Anyway, clearly I feel disappointed to have to redo the tests myself,
because some inconvenient results were intentionally undisclosed (or not produced).
This really undermines my trust in future publications.
That learned me something : trust only benchmark done by yourself.
And now, I should probably benchmark even more ...
If you read your own results with care you will notice that your results also show that fastest brotli is faster than fastest zstd. Your results also show that brotli compresses more than zstd at higher settings, even if you turn off the static dictionary of brotli.
If you are interested at zstd 0.7.1 -22, you can reach the same compression density with brotli 0.4.0 at quality setting -7 (at least for this file with the static dictionary). Then you are comparing a brotli's compression speed of 57 MB/s to zstd's 4.01 MB/s. Brotli is 14x faster at this compression density.

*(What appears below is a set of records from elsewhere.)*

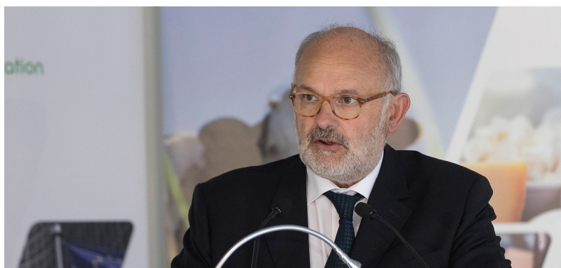
Przewodniczący EDA Michel Nalet

„ Wzmacnianie elementów środowiskowych, opcje dla podejść bardziej nakierowanych na poziomie krajowym, generacyjne odnowienie oraz ustanowienie platformy zarządzania ryzykiem są najbardziej potrzebnymi elementami przyszłej CAP. W odniesieniu do Wspólnej Organizacji Rynku , https://eur-lex.europa.eu/legal-content/EN/TXT/PDF/?uri=CELEX:32013R1308&from=EN , bazowe cechy siatki bezpieczeństwa nie są zmienione. Limity budżetowe dot. Schematu Mleka w Szkole będą na pewno tematem dyskusji w ramach dalszego procesu.
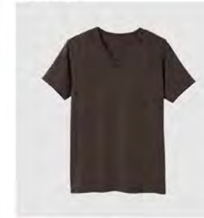
モカ チャコール Vネック半袖 [8716] ¥8,800(税込) Size:M/L
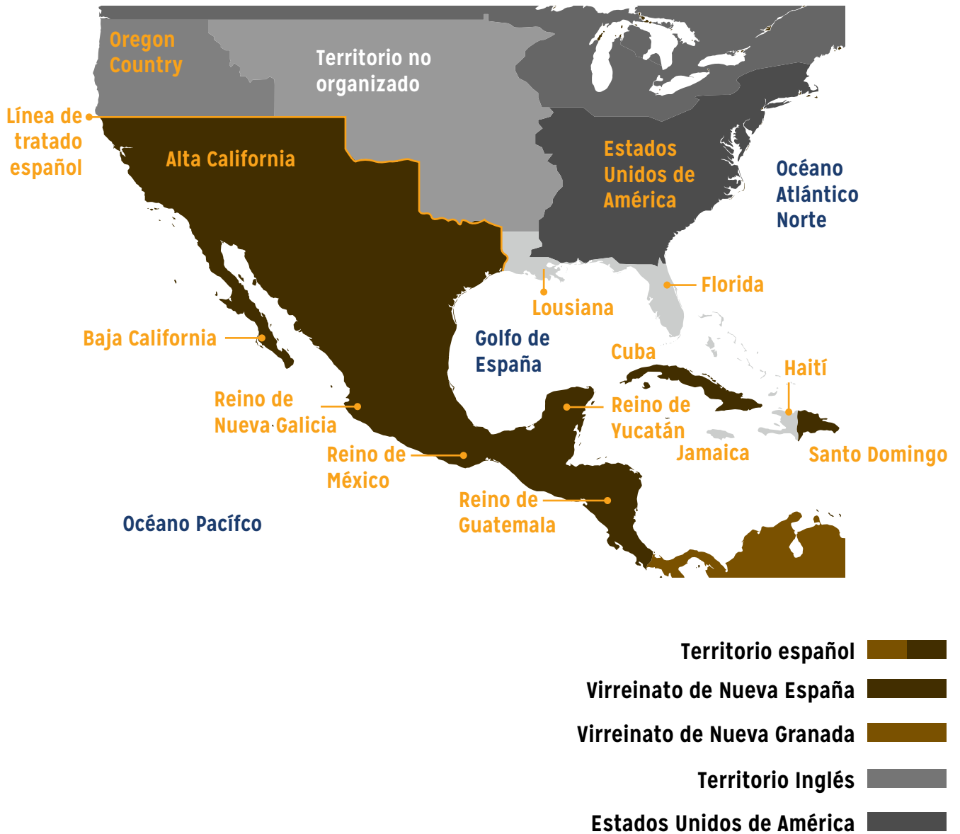
Figura 6. Territorios del Virreinato de Nueva España en 1819. Nota: Giggette (2013), Elaboración propia con base en: https://es.wikipedia.org/wiki/Virreinato_de_Nueva_Espa%C3%B1a#/media/File:Viceroyalty_of_the_New_Spain_1819_%28without_Philippines%29.png
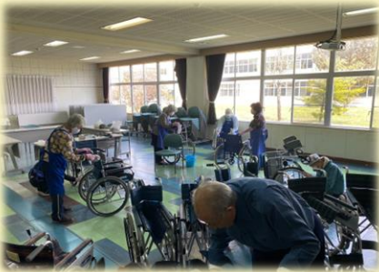
車いす清掃：令和5年5月

市内福祉施設にて利用者の介助や縫い物をしたり、お祭りのお手伝いへ参加したり、友愛セールの出店や福祉パネル展への参加、配食サービスを利用されている方の食事の配達をしたりと、活動内容は多岐にわたりました。また、社協で市民の皆様へ貸し出ししている車いすの調整・清掃する活動も例年行っていました。
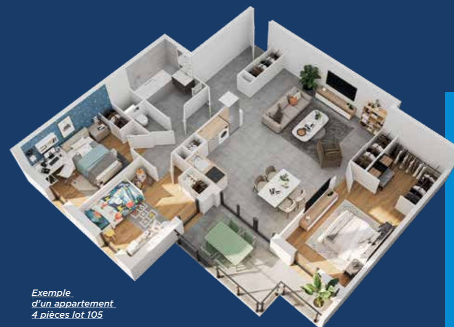
Exemple d'un appartement 4 pièces lot 105

À deux pas du cœur de Quincieux, la résidence Mélo a hérité d'une adresse très recherchée pour son accessibilité et son voisinage exclusivement composé de villas individuelles. Pour faire écho à cet environnement calme et résidentiel , Mélo arbore un style traditionnel avec une toiture à deux pans et des enduits clairs allant du gris au beige, alors que des volets coulissants et des garde-corps vitrés apportent une touche contemporaine . Idéale pour tous les projets de propriété , la résidence accueille une crèche au rez-de-chaussée, des appartements du 3 au 5 pièces avec balcon, terrasse à ciel ouvert au dernier étage ou jardin privatif entouré de haies végétalisées .
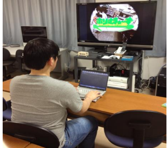
図 1: 実験風景

番組終了後、直ちに筆記によるアンケートにて、バラエティ番組に関する質問や、番組視聴とボタン操作との両立のしやすさに関する質問を選択式で答えてもらい、面白かった場面やイマイチだった場面は、どこであったかを記述式で答えてもらった。又、被験者に過度な負荷が掛からないよう、アンケートへの記述量は提示せず、自由に記入してもらった。

For decompress-once roundtrip at this density, brotli achieves 53 MB/s, and zstd 4 MB/s. Brotli's roundtrip is 13x faster.
In decompression brotli is 2x slower on Intel, but decompression times at 800+ MB/s are going to be negligible in most use (think < 1 % of cycles in your datacenter), if the data is parsed/processed somehow afterwards.
Brotli's entropy encoding is simpler (no 64-bit operations), and because of this on 32 bit arm the decompression speeds of zstd and brotli are about the same.
I acknowledge that there can be use cases where zstd 0.7.1 can be favorable to brotli 0.4.0 -- particularly those where a 32+ MB file is compressed at once and the 150-500 MB/s compression speed range, but even this simple compression test shows that brotli can compress significantly (5-10+ %) more with the higher quality settings.
> Why you don't disclose the compression time of brotli ?
I left it out because zstd didn't produce comparable output size.
I showed the compression and decompression speed at brotli at quality 7 that already compressed more densely than zstd at maximum setting. Of course it is a somewhat technically flawed comparison, because brotli gets an advantage for this kind of data from its dictionary, but I invite you to test using another set of files. (The three small compression benchmark files discussed earlier in this thread show similar trend.)
The two benchmarks you mention aren't very useful for comparing brotli and zstd, because they deal with large datasets. Per-call overhead matters a lot for small files, and I imagine (particularly brotli) is aimed at small files. Zstd (usefully!) calls out dictionary compression, which hints that small files matter for it too, but I'm not positive there's any specific use case for zstd in mind.
In any case, neither the compression ratios nor the speed of large-file compression necessarily say much about small file performance. There's just much more context to search in a 100MB file than there is in a 10KB file.
Having said that, there's no reason to assume brotli is better for small files; there's just no way to tell given the links you provide.
I'm not affiliated with nor use neither zstd nor brotli.
The language itself features interesting ideas, many of them borrowed (pun intended) from Haskell, so not that new after all. But the community behavior proved consistently abysmal. A real put off.